Templates

Hidden Cost of Ad-Hoc SES Template Edits

Direct SES template edits — Console, CLI, or SDK — share the same failure modes: no diff, no approver, no rollback. What production-grade looks like.

A senior engineer at a Series B SaaS once described their Friday afternoon to me like this: support flagged that the trial-expiry email had a broken link. They opened the SES Console, edited the template, saved it, and went to the standup retro. Forty minutes later a different engineer rolled back what they thought was a stale change and overwrote the fix. Nobody knew until Monday, when a customer complained their second trial-expiry email still had the broken link.

There was no diff. No version history. No notification. No approver. No paper trail. Two engineers, both acting reasonably, both with the same IAM role, silently undid each other's work on a customer-facing email.

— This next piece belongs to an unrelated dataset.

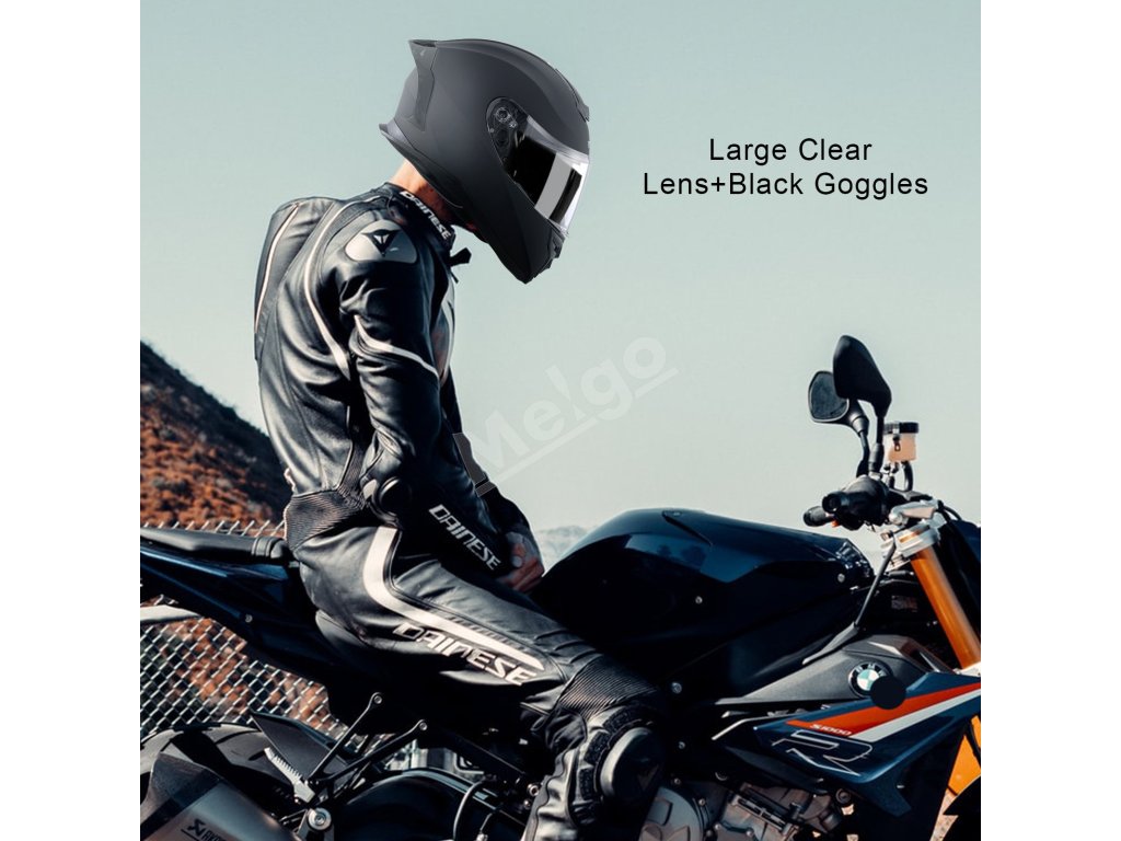 Vybavená je veľkými čírymi sklami a zabudovanými slnečnými clonami, ktoré blokujú vietor, piesok a poletujúce tvory pre vysokú ostrosť. Vstavané slnečné clony automaticky filtrujú oslnenie pri silnom slnku, čím zabraňujú únave očí a uľahčujú prepínanie.

This is what ungated SES template editing looks like at the moment it stops scaling — Console clicks here, but the same dynamics hold whether you reached for aws ses update-template, a one-off boto3 script, or the Console UI. It doesn't fail loudly. It fails by accumulating small, invisible incidents until somebody finally counts them up.

The default workflow most teams start with

Almost every team I talk to begins the same way. Engineering needs to send a welcome email. Somebody opens the SES Console, pastes in HTML, clicks save, wires up SendTemplatedEmail from the application code, and ships it. The team has more important things to do than design a "template management strategy."

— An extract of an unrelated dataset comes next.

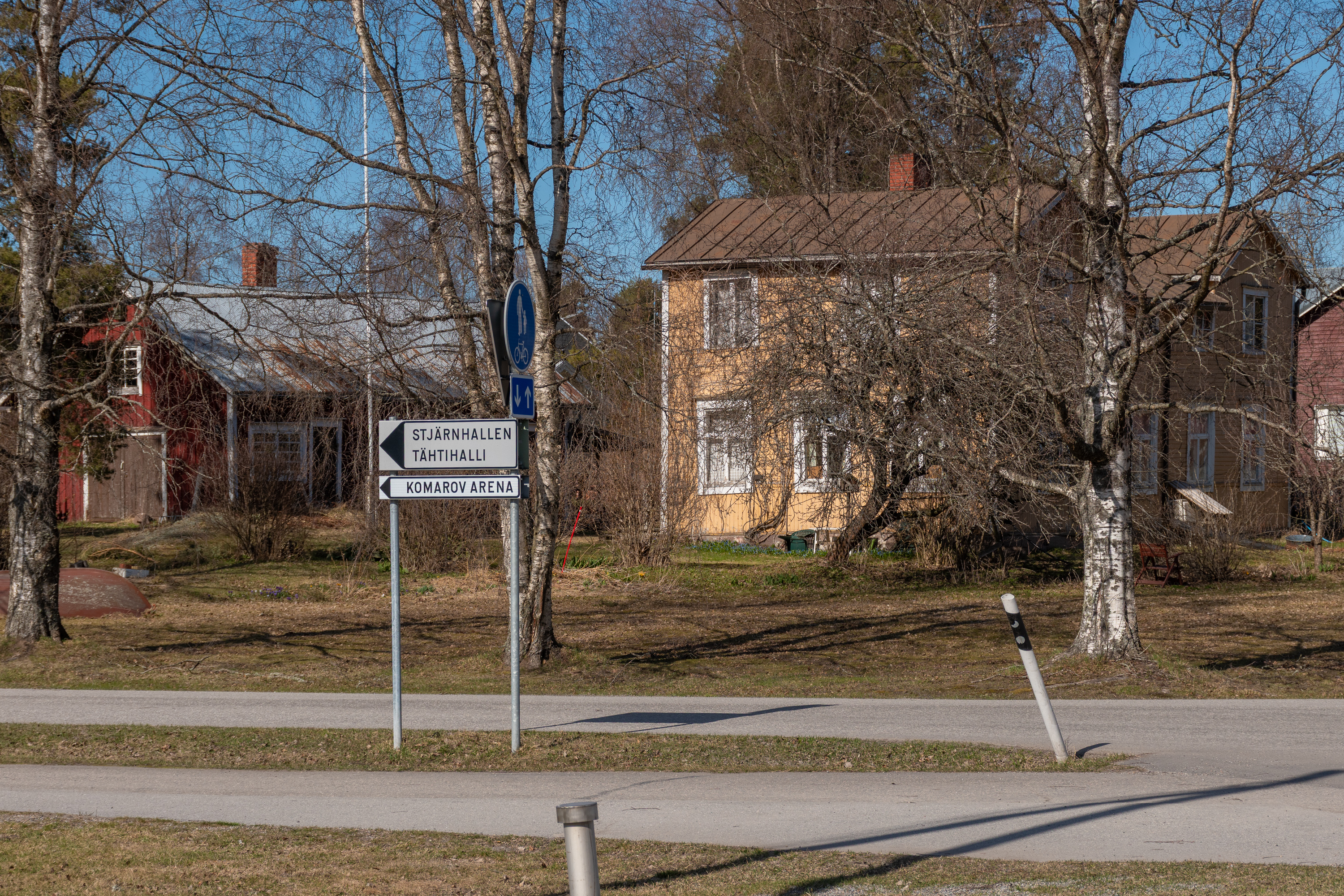 53. Местная ледовая арена (а куда же в Финляндии без нее) называется, внезапно, ареной Комарова. Leo Komarov, Леонид Комаров (р. 1987) — известный финский хоккеист, родился в Нарве, его отец Александр Комаров (р. 1962 в Петрозаводске) тоже был хоккеистом. Они переехали в Финляндию в 1991 по корням как ингерманландские финны, поселились в Остроботнии, сначала в Ваасе, потом в Нюкарлебю, и, по всей видимости, стали теми иммигрантами, кто здесь интегрировался изначально на шведском языке, а не на финском. Большинство иммигрантов от такой возможности, полностью легальной (шведский в т. ч. можно сдавать на гражданство, как и финский), друг друга отговаривают; шведский хоть и считается сильно проще финского, но в большей части Финляндии, включая Хельсинки с пригородами, практически бесполезен. Но Остроботния, и особенно провинциальная Остроботния, почти целиком шведоязычная, — исключение; если тут поселиться и особо никуда не ездить, то вполне нормально можно обойтись шведским. Конечно, в наши дни товарищ Комаров и по-фински говорит без проблем; арену тут назвали в честь него, когда он в составе сборной Финляндии выиграл чемпионат мира по хоккею в 2011 в Словакии, также в финской сборной в 2022 он выиграл Олимпийские игры в Пекине. В конце 2021 как раз заключил контракт с петербургским СКА, из-за войны пришлось возвращаться и искать другие варианты, но, в общем, карьере это не повредило.

At small scale, this feels right. There's one welcome email. One person edits it. Everyone on the team has admin access to the AWS account anyway. The Console UI is right there. Why build process around something this simple?

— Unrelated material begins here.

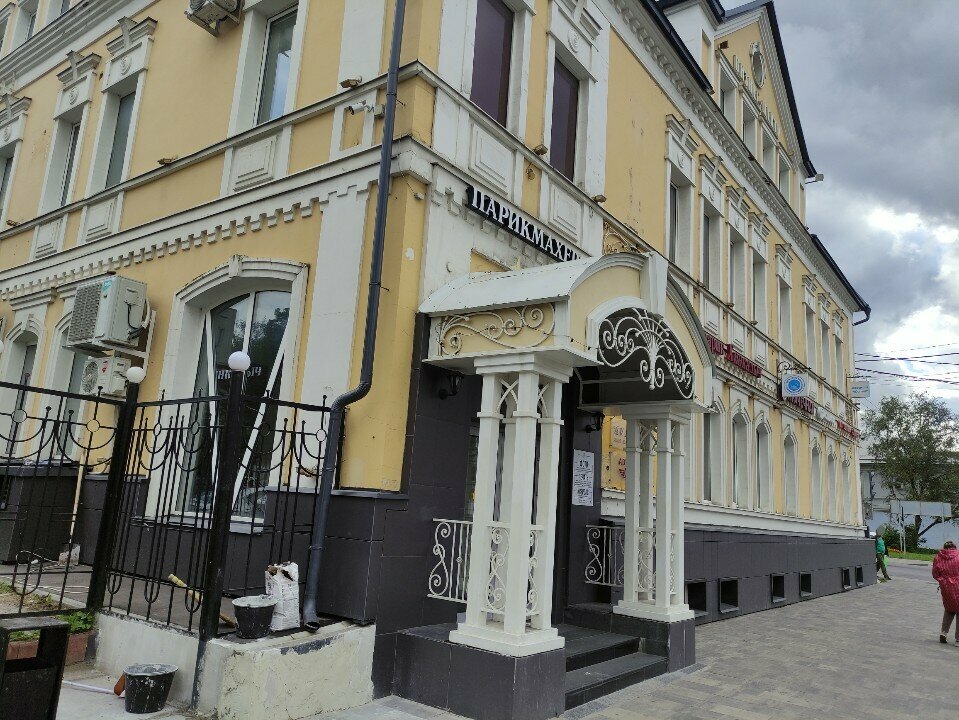 Хорошее чистое здание. На первом этаже пиццерия, на втором и третьем офисы. Всё очень аккуратно и гармонично.

The unstated assumptions are doing a lot of work. The team is assuming that:

One person will edit any given template at a time.
Whoever edits will not make a typo a customer would notice.
The template that exists in SES today is the template the team expects to exist.
Nobody outside engineering will ever need to change the copy.
An auditor will never ask "who changed this template, when, and why?"
Staging and production templates will stay aligned without active effort.

Each of those assumptions is reasonable in isolation. They fail in combination, and they fail silently.

What's actually missing

When you treat direct SES editing — Console, CLI, or SDK — as a workflow, here's the inventory of what you don't have.

No version history. SES has exactly one current version of a template by name. There is no ses:GetTemplateHistory. The previous version of welcome_email is gone the moment you save the new one.

No diff. Even if you have the previous version stashed somewhere, the Console does not show you what changed. A one-character edit to a Handlebars expression and a complete rewrite look the same: a "save" event in CloudTrail.

No review. There is no approver between "I edited this" and "this goes to customers." The publish surface and the editing surface are the same surface.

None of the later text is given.